One thing to say "this letter game could also have this other game as an alternate" for a math problem doesn't work.
-
@dpnash Yes, I agree. GenAI can never give answers: it can only suggest questions to ask or things to investigate.
That can be useful, but it requires awareness and technical knowledge to understand the distinction, which is why I don't think genAI was ready for a broad public release.
But would I be OK with a doctor using genAI on an anonymised version of my lifetime medical records to spot possible missed patterns? Yes, I think so.
@david_megginson @dpnash @mzedp @necedema @Wyatt_H_Knott @futurebird @grammargirl I would definitely not be okay with a physician using generative AI to summarize medical records and/or to look for patterns. There would be no way to know if the output would be in any way accurate. Unless the doctor reviewed every piece of information that went into the AI. Which is no different than the doctor reviewing the records without AI.
-
@david_megginson @dpnash @mzedp @necedema @Wyatt_H_Knott @futurebird @grammargirl I would definitely not be okay with a physician using generative AI to summarize medical records and/or to look for patterns. There would be no way to know if the output would be in any way accurate. Unless the doctor reviewed every piece of information that went into the AI. Which is no different than the doctor reviewing the records without AI.

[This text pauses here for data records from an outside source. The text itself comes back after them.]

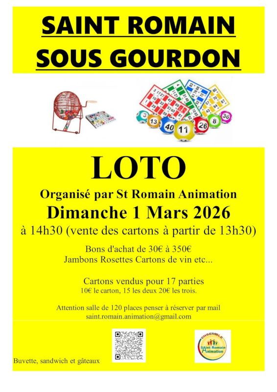 Saint Romain animation organise un loto, dimanche 1er mars 2026 à la salle des fêtes de Saint-Romain-sous-Gourdon.
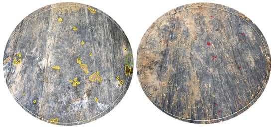 Visual deterioration of biodegradable biopolymer ((left); deteriorated area in yellow color) and polyethylene ((right); deteriorated area in red color) plastic mulches at the end of the crop season in Year 2 (195 days after planting). Surfaces occupied by the ring (1 m2) were processed with software to obtain the deteriorated area (perforations and/or breaks).
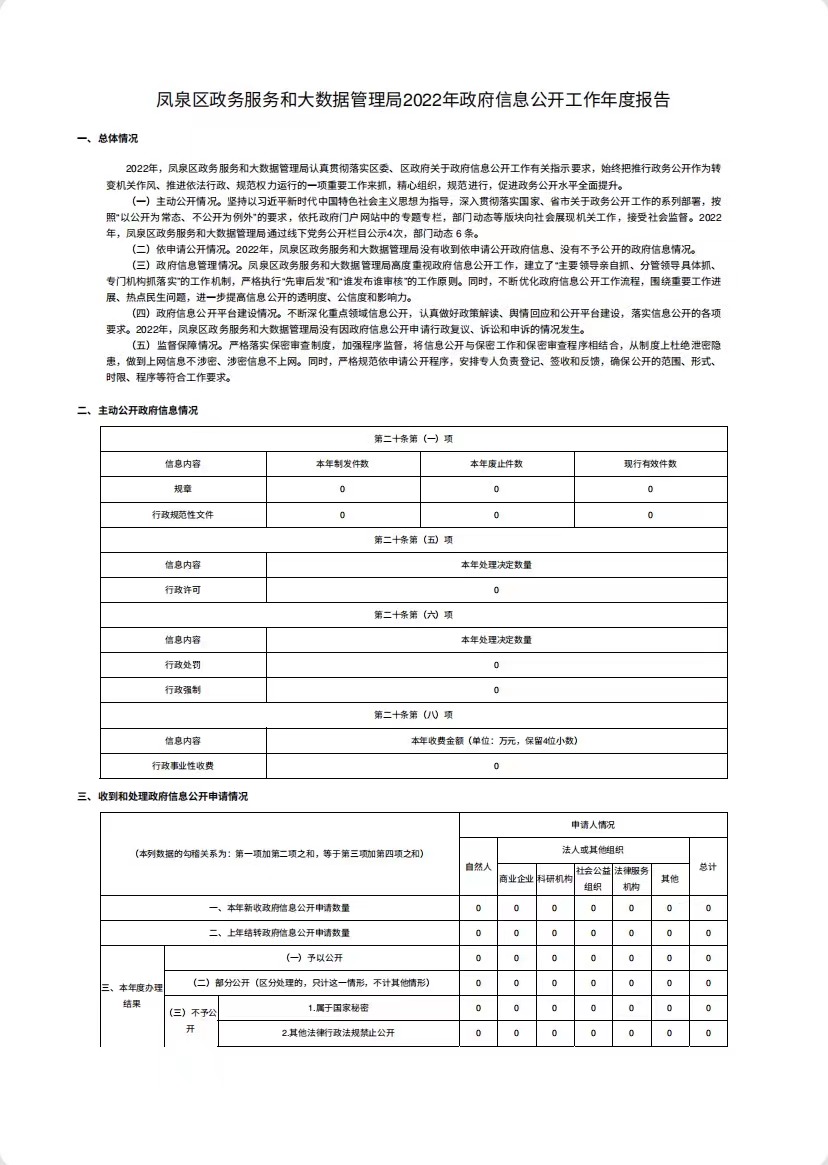 凤泉区政务服务和大数据管理局2022年政府信息公开工作年度报告
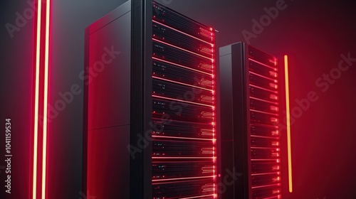 Multiple server towers with illuminated data pathways, representing cloud computing, network connectivity, and digital data management
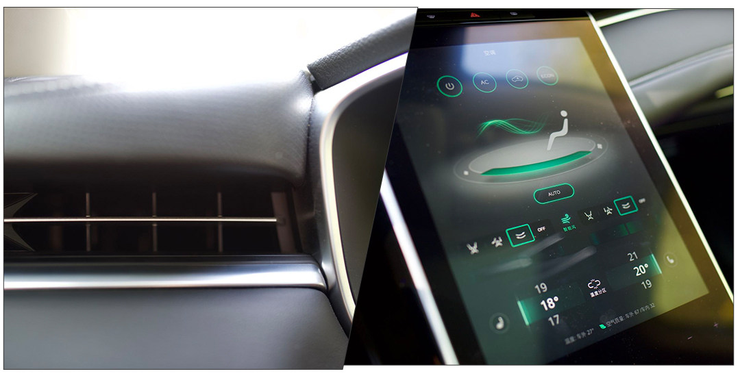 空调出风口的调节叶片没了,毕竟还要手动调是真的老土。空调叶片可以在中控大屏幕中调节,并且有自动左右扫风功能,豪华感一流。
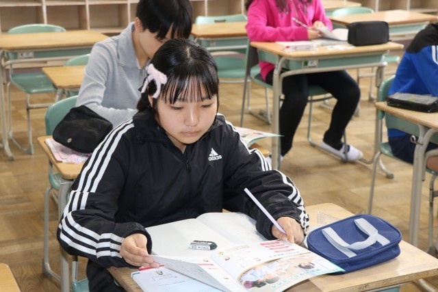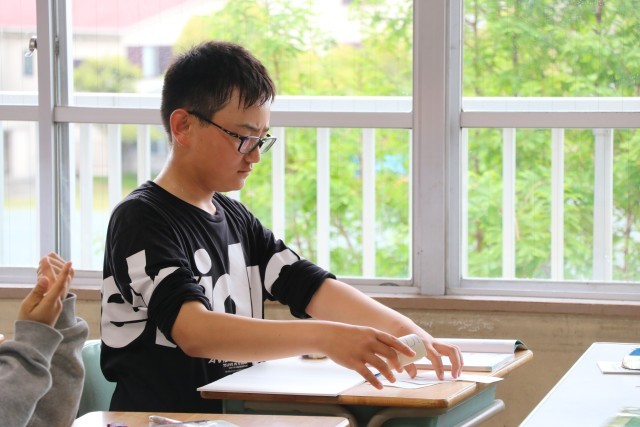 6年生の算数は少人数で行っています。線対称な図形の性質を調べようを行いました。みんな集中して取り組んでいました。
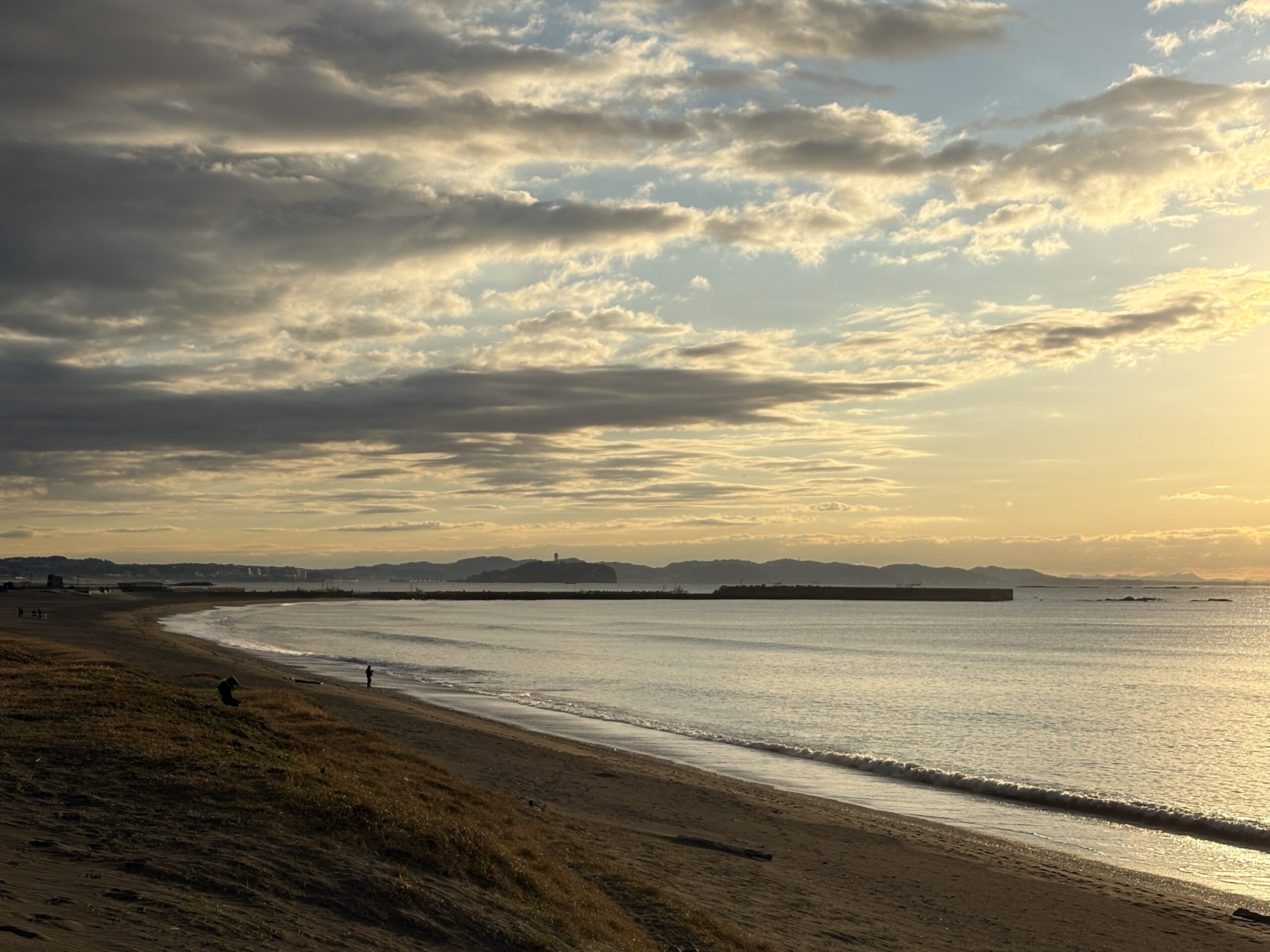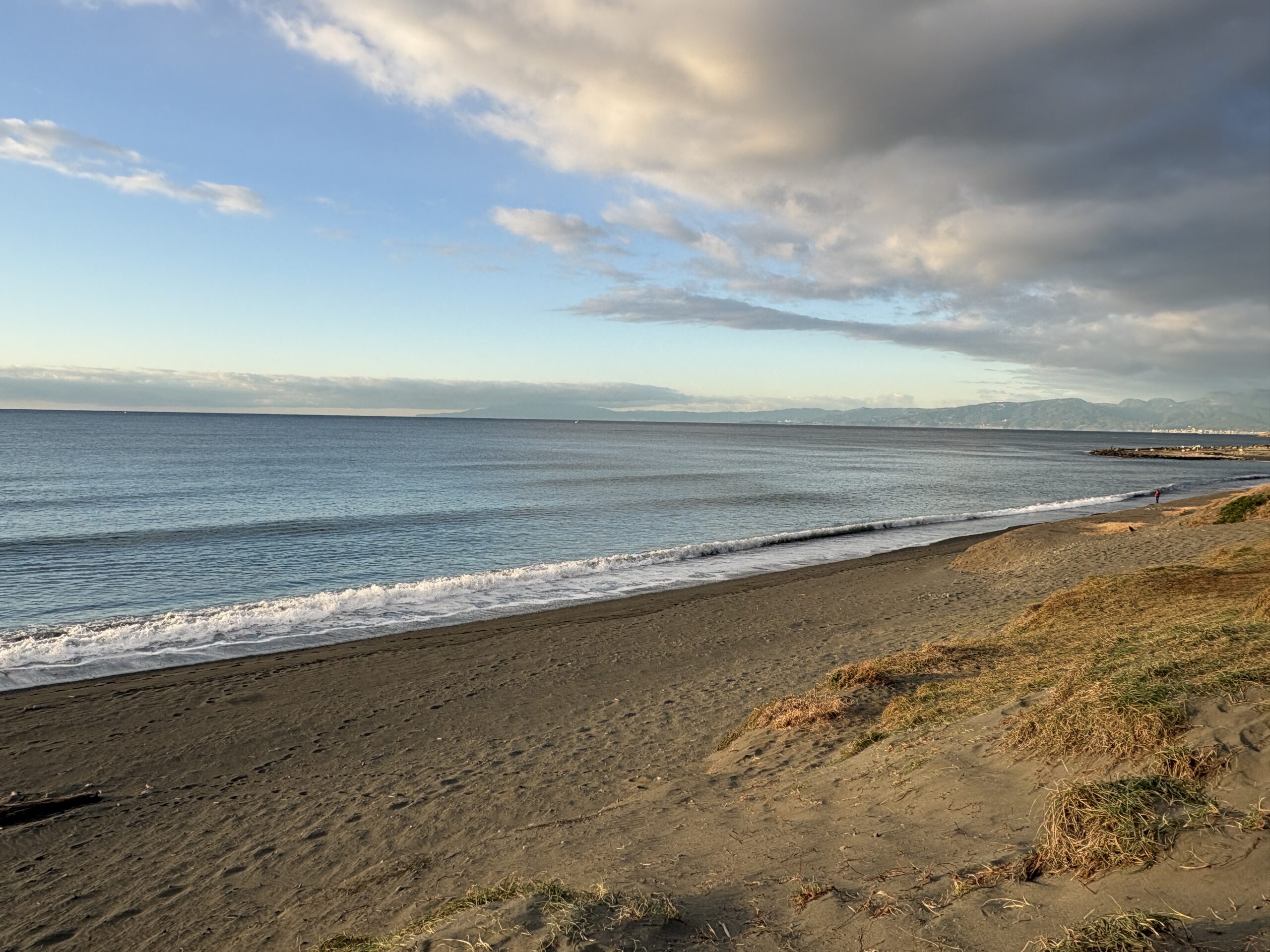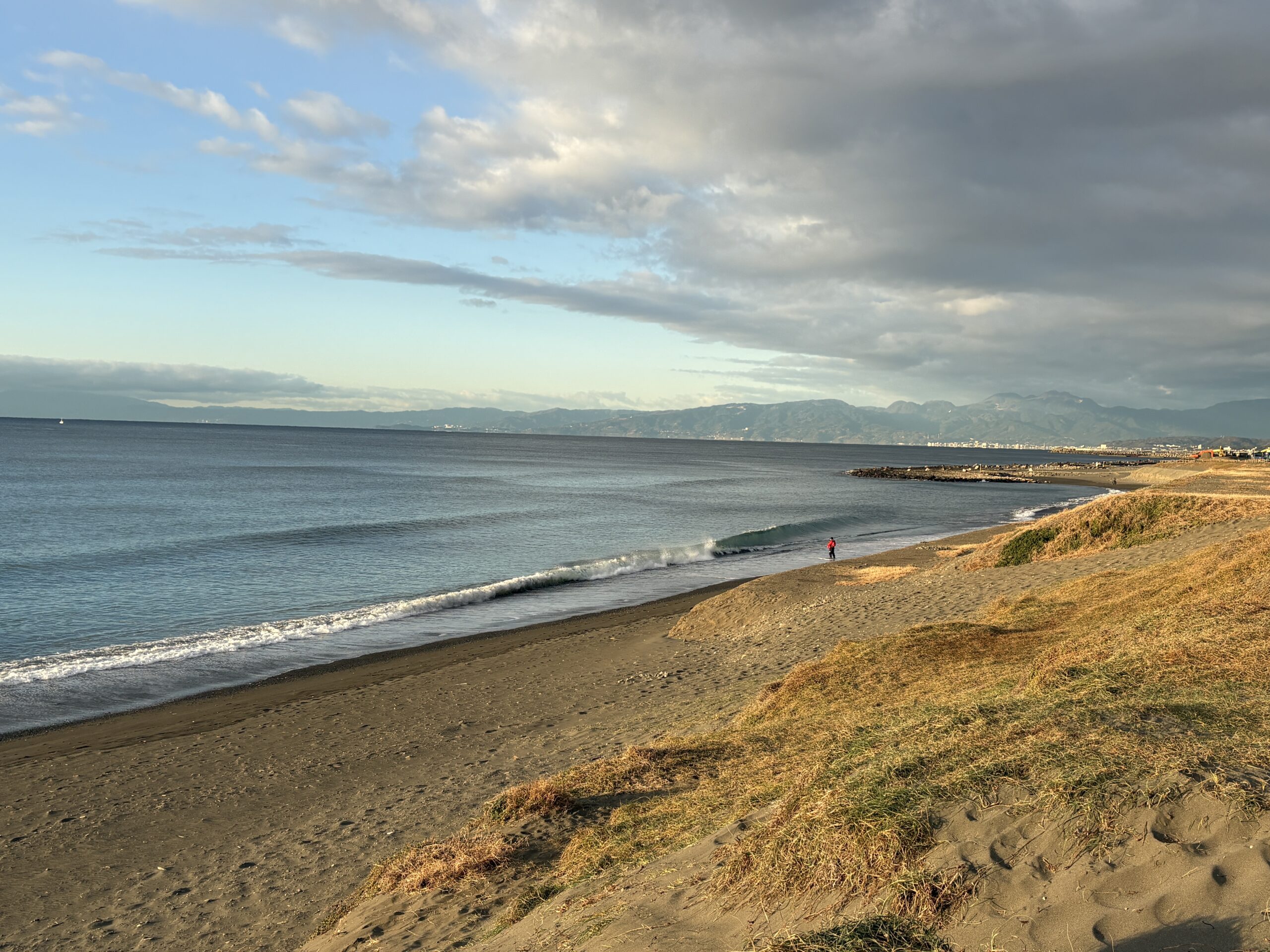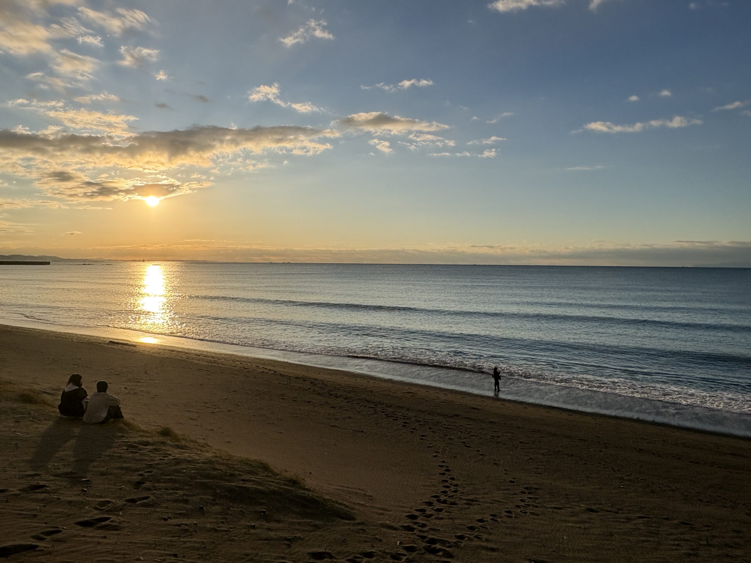 今日の天気は曇りのち晴れの予報。今朝は雲の多かった夜明け時から波チェック時には雲も抜け、朝日が差して来て日中は青空が広がる晴れになりそうです。

@david_megginson @dpnash @mzedp @necedema @Wyatt_H_Knott @futurebird @grammargirl I say this as a retired physical therapist who worked with complex patient for decades. They routinely came to me with years of medical records I had to review & synthesize. And there are nuances to narrative records that I would pick up because of my long experience that I seriously doubt any algorithm could.
-
@david_megginson @dpnash @mzedp @necedema @Wyatt_H_Knott @futurebird @grammargirl I would definitely not be okay with a physician using generative AI to summarize medical records and/or to look for patterns. There would be no way to know if the output would be in any way accurate. Unless the doctor reviewed every piece of information that went into the AI. Which is no different than the doctor reviewing the records without AI.
@LJ @david_megginson @dpnash @mzedp @necedema @Wyatt_H_Knott @grammargirl
Doctors already apply stereotypes enough as it is. I don't want a stereotyping machine. And I feel like that's what the current LLMs would do. For example, as a Black woman who lives in the South Bronx doctors make a whole raft of assumptions about me. Some correct, some based on "statistics" and some just bogus.
They have a general idea of what I might need often wrong in harmful ways.
LLMs regress to the mean.
-
@david_megginson @dpnash @mzedp @necedema @Wyatt_H_Knott @futurebird @grammargirl I say this as a retired physical therapist who worked with complex patient for decades. They routinely came to me with years of medical records I had to review & synthesize. And there are nuances to narrative records that I would pick up because of my long experience that I seriously doubt any algorithm could.
@LJ @david_megginson @dpnash @mzedp @necedema @Wyatt_H_Knott @grammargirl
Or even better, maybe you look at a set of records, as I often have for my students and I DON'T know what I'm seeing. I can't say "this student is struggling because of X and needs Y they don't fit any pattern. Details don't work. LLMS kind of smooth that over and just shoehorn an answer that sounds good.
And some people do that too, but I don't like it.
Just say "I don't know really. Never seen this before."